Samindo Resources is a prominent investment holding corporation and also a public listed company in Indonesia, engaged in integrated coal mining services industry. As an integrated coal mining service company, we deliver the service that can provide solutions in every stage of coal mining operation.
The scope of Samindo Resources business includes four main activities in an integrated coal mining process. The company owns the majority of shares in four subsidiaries and operates two mining concessions in the province of East Kalimantan.
Samindo Resources shares are owned by various leading entities. Our goal is to create shareholder value in the long run by ensuring that we always stride for better performance.
Good Corporate Governance (GCG) is a reference for companies in running their daily operations to ensure that their operations are well manage.
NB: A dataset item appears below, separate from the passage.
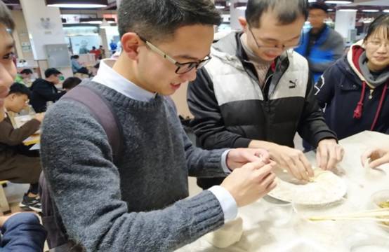 活动当天,生活部成员方才将桌布铺到食堂的大理石桌上,把装饺子馅的盘子、盛饺子的屉子、一碗碗清水和一袋袋饺子皮儿放到桌子上,节日的气氛就显现了出来。为了增加吃饺子的趣味,生活部特别准备了一些芥末馅的饺子,并把它混入包好的饺子中,准备给同学们一个“惊喜”。很快同学们就都来到了活动现场,分组参加包饺子活动,有些同学特别擅长包饺子,包得又快又好;也有些同学可能是第一次尝试包饺子,手忙脚乱的,不是加多了馅包不上就是忘了沾水,闹出了不少笑话却十分欢乐。在同学们相互请教之下,很快大家就都掌握了包饺子技巧。比如16级年级长汤琦龙,他向周围熟练的同学请教之后便开始了自己的尝试,起初也很不顺利,但是经过了几个奇形怪状的失败品之后,他就可以包出很漂亮的饺子了。
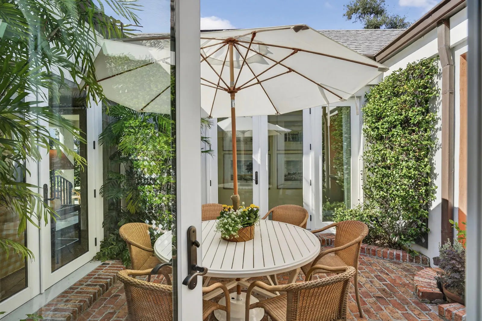 In Charleston Square—an intimate collection of six custom homes—this French-inspired residence sits among historic oaks between Quail River Club and Holy Cross . Offering 3,271 sq ft, the split-ensuite plan includes three bedrooms, three full baths, a vintage marble fireplace, walk-in closets, and flexible living and dining areas. Three courtyards extend living outdoors, including one with a dip pool, plus an oversized A/C two-car garage and established landscaping. The layout is oriented around private outdoor areas consistent with Charleston Square's design character throughout.

In line with the increased activity undertaken by PT Samindo Resources Tbk, the application of GCG principles is also increasing.
The practice of Corporate Social Responsibility (CSR) has the primary purpose of ensuring that the social interests of various stakeholder groups of Samindo Resources can be fulfilled appropriately and proportionately, especially for people living around the Company’s working environments.
JAKARTA - PT Samindo Resources Tbk (MYOH) this year has allocated a capital expenditure of USD17.7 million to support the company's performance. Of this amount, USD14.5 million was for the purchase of 10 dump trucks and USD3.2 million for the purchase of truck heads and vessels.
"The source of funds for capital expenditure comes from internal cash. Of the 10 dump trucks we allocated this year, five of them have arrived. The remaining five in April or May. Thus, our total fleet of dump trucks is 143 units, said Samaki Resources Nakiir's Head of Investor Relations in Jakarta, yesterday. He added, this year Samindo is optimistic that it can record positive performance as experienced in 2018.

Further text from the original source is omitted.